We do this using the syntax setClips(n) which changes the nth instance of this object from its current value. In our case, we are setting the first two instances of a MovieClip to have 2 and 3 clips respectively.

Finally, we need to make sure that we use MovieClip objects instead of just plain old sprites when creating visible areas on our background movie clip. Since we want these keyframes to be displayed, we use the syntax setVisible(true) to indicate that they should be visible. We make sure that these keyframes are not displayed by calling setVisible(false) on all of the movie clip instances.

AS3 physics

In this tutorial, we’ll learn how to use the hittest method in ActionScript 3 to detect collisions between objects. This is a very useful technique to know, as it can be used for games, interactive applications, and more.

We’ll start by creating two simple shapes that we’ll use for our collision detection. Then, we’ll add some code so that when the shapes collide, they change color.

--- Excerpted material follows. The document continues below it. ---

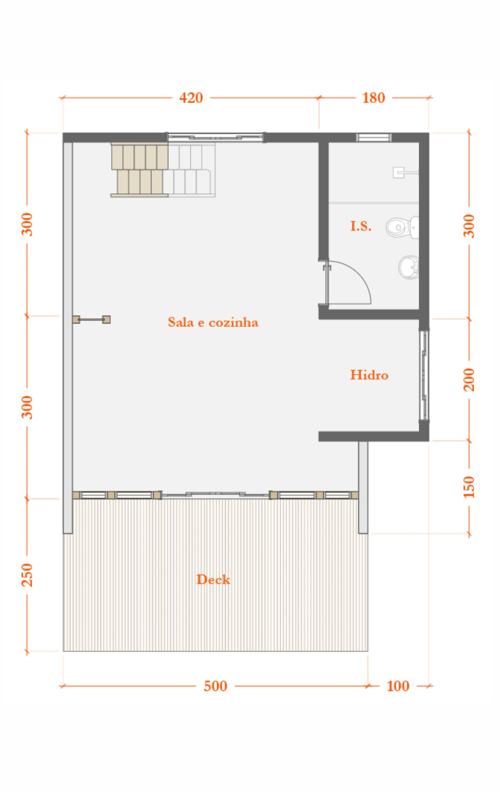 CHALÉ PONTA GROSSA 56 M² + 12 M² DECK – UM DORMITÓRIO

Finally, we’ll add some code so that the shapes bounce off of each other when they collide. This will give us a better understanding of how the hittest method works.


In this tutorial, we will be learning how to use the Flash HitTest AS library to detect collisions between objects in our scenes. We will also look at how to create a simple Flash action that will trigger when a collision is detected. By the end of this tutorial, you should have enough knowledge to start using the HitTest AS library in your own projects.